Whether you are a landlord or tenant, the next time you are negotiating a lease incentive, seek expert advice from Ferguson Cannon Lawyers about the wording of the lease. There is no sense in negotiating a good incentive only to see that good work wasted due to poor drafting. It is also vital to obtain expert taxation advice about how an incentive will affect your situation. As well as income tax issues, there may be capital gains tax and GST issues associated with lease incentives.


Have you adequately provided for your children in your Will?

Friday, April 1st, 2011

I read the article in the Courier Mail on 19 March 2011, about the dispute erupting over the late Ken Talbot’s estate, with great interest.  Mr Talbot died in June 2010, has an estate estimated to be greater than $1 billion.

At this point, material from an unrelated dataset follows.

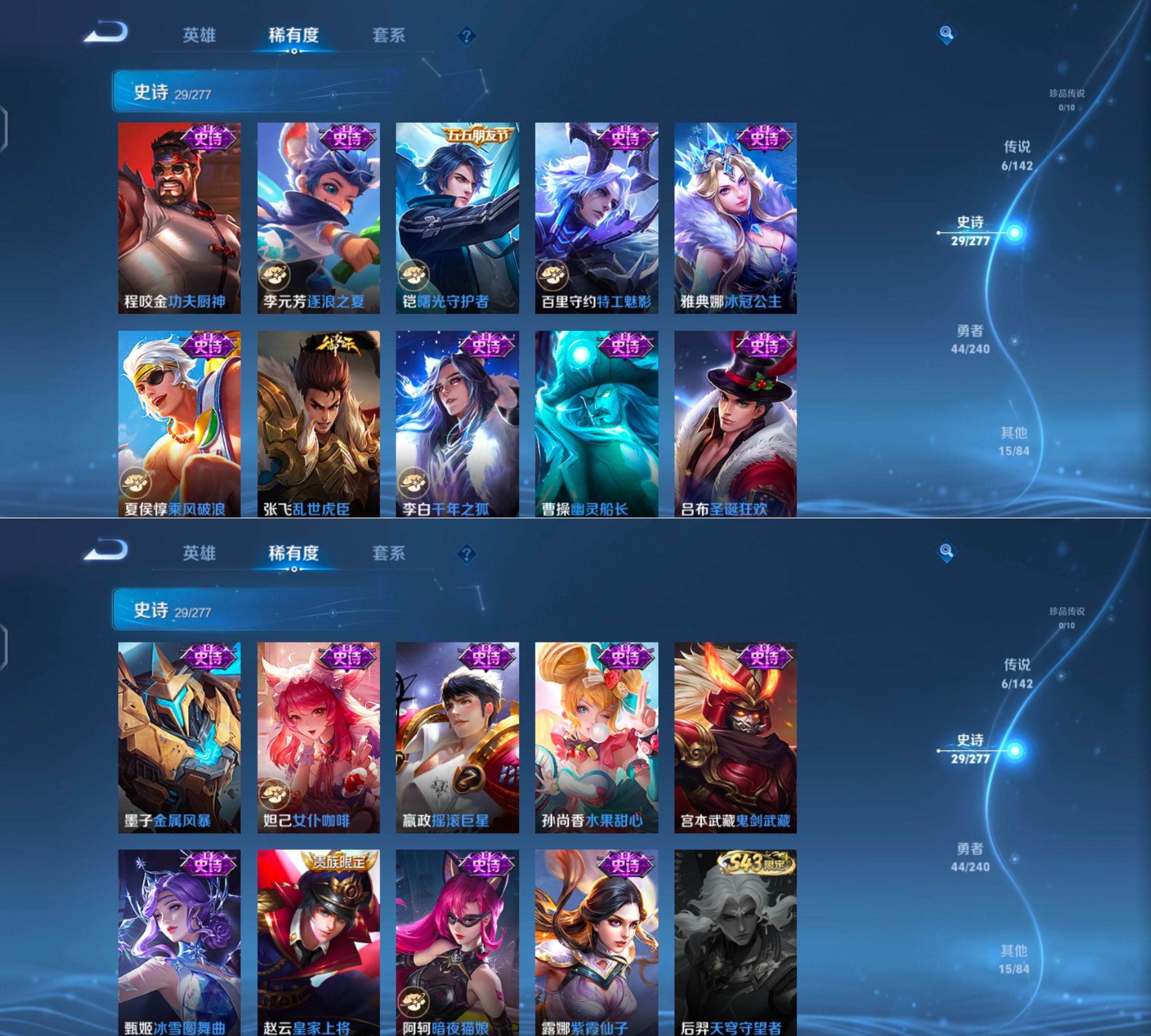 【史诗皮肤】 百相守梦 涂山容容 线条小狗 决胜大满贯 魅语 幽灵船长 繁星吟游 功夫厨神 女仆咖啡 鹰眼统帅 鬼剑武藏 曙光守护者 千年之狐 逐浪之夏 紫霞仙子 圣诞狂欢 暗影游猎 金属风暴 李小龙 水果甜心 乘风破浪 冰冠公主 遇见飞天 摇滚巨星 乱世虎臣 皇家上将 冰雪圆舞曲 无心 暗夜猫娘 特工魅影
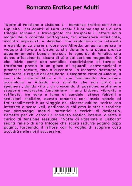 "Notte di Passione a Lisbona. 1 - Romanzo Erotico con Sesso Esplicito - per Adulti" di Lara Steele è il primo capitolo di una trilogia sensuale e travolgente che trasporta il lettore nella magia della capitale portoghese, tra atmosfere sofisticate, incontri imprevisti e desideri che esplodono con intensità irresistibile. La storia si apre con Alfredo, un uomo maturo in viaggio di lavoro a Lisbona, che durante una pausa pranzo apparentemente banale incrocia lo sguardo di Amalia, una donna affascinante, sicura di sé e dal carisma magnetico. Ciò che inizia come una semplice condivisione di tavolo si trasforma presto in un gioco di sguardi, conversazioni e promesse taciute, fino a diventare un incontro destinato a cambiare le regole del desiderio. L'eleganza virile di Amalia, il suo stile inconfondibile e la sua femminilità disarmante accendono in Alfredo una scintilla che non potrà più spegnersi, dando vita a un crescendo di passione, erotismo e scoperte reciproche. Ambientato in una Lisbona vibrante e raffinata, tra cene a lume di candela, attese febbrili e seduzioni esplicite, questo romanzo non lascia spazio ai fraintendimenti: è un viaggio nel piacere adulto, scritto con intensità e senza veli, dedicato a chi ama le storie erotiche con personaggi maturi, autentici e carichi di desiderio. Perfetto per chi cerca un romanzo erotico intenso, diretto e carico di tensione sessuale, "Notte di Passione a Lisbona" segna l'inizio di una trilogia che saprà sedurre pagina dopo pagina, lasciando il lettore con la voglia di scoprire cosa accadrà nelle notti successive.

Mr Talbot was survived by 4 children – 2 from his first marriage, and 2 younger children from his second marriage.  The 2 older children were left 24% each and the 2 younger children 17% each.  The grandfather of the 2 younger children has now lodged a claim against the Estate of Mr Talbot seeking further provision for the 2 younger children, amongst other things.

This will prove to be a very interesting case if it goes all the way to a hearing, especially given the amounts at stake.

There has recently been some inconsistency in decisions made by the Supreme Court in Queensland about whether adequate provision has in fact been made for beneficiaries.  This highlights the need to give very careful consideration as to how your estate is to be distributed upon your death, and to anticipate whether there is any risk of a potential claim being  made.

Some of the matters that should be taken into account when considering your Will include:

  1. Who in fact can make a claim against your estate – currently this group includes the deceased’s spouse (including de facto), children (including step children) and financial dependants;
  2. Whether some of these people have been left out of the Will, or received a lower proportion than others.  It is very important that detailed reasons are provided so that a Court can give consideration to the Will maker’s intentions when they made the Will.  A statutory declaration outlining this information can be a useful tool;
  3. Exactly what assets form part of the estate.  In Queensland, only assets owned in the deceased’s name will form part of the estate, and therefore only these assets will be in dispute.  Assets owned in trusts and companies are not estate assets.  The situation is different in other states where these assets can form part of the estate, referred to as a “notional estate”;
  4. Whether some strategies can be implemented now to reduce the risk of a claim being made, such as:
    1. Transferring assets to beneficiaries pre-death (note however there may be tax and stamp duty considerations here);
    2. Making a binding death nomination in Superannuation policies and life insurance policies;
    3. Taking out an insurance policy to provide further funding so that all beneficiaries can benefit;
    4. Giving detailed reasons as to why some beneficiaries have missed out;
    5. Structuring assets so that they are owned in entities that do not form part of the estate (such as companies and trusts.  Be aware however that often shares in companies are owned in the persons name and these will form part of the estate;
    6. Entering into binding agreements now for the transfer of business assets and other assets, upon death.

These are just some of the issues that need to be addressed when considering your estate plan.  It is important to make sure your interests, and that of your beneficiaries are protected.  It will be interesting to see the outcome of the Talbot matter, and how the Courts interpret the Will and the claims that have been made.